As everyone made plans to get drinks at Mulligan’s Pub, down on 2nd Avenue, she wished she had that last little bit of the puzzle. Direct causal verification of Corinne’s murderer. They’d get it sooner or later, but she’d prefer it sooner.

Everyone split up to do the last-minute items that needed to be addressed before they could call this a day. A successfully solved case, on several different levels. She straightened all the papers in her office. She answered a couple of e-mails. She placed the last items in the murder book, Corinne Wolff’s autopsy photos juxtaposed with a photo of her and Todd on their wedding day, lifted from the front table in their foyer. The woodsy background looked especially green tonight, Corinne a luminous wood sprite in white. What an incredible waste.

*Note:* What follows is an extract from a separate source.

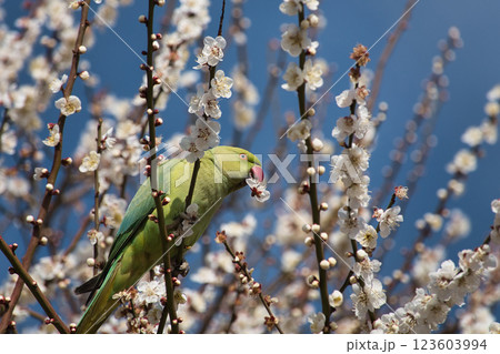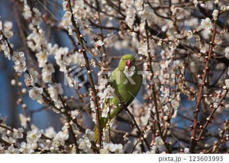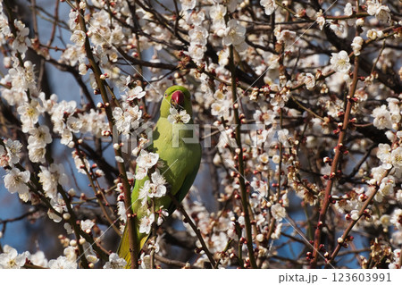 梅の花を食いちぎって蜜を吸うワカケホンセイインコ6

And that precious little girl, Hayden. A thought hit her. Hayden’s blond hair, so different from her parents’ dark. What if Anderson had fathered Hayden as well? It was a long shot, but Taylor wrote the idea on a Post-it note and stuck it to the inside of the murder book. It didn’t really matter if Anderson was Hayden’s father, but it might help with the timeline. There were plenty of details to be ironed out, the case still needed to be properly prepared before going to trial. There were no guarantees in today’s judicial system. She heaved a sigh.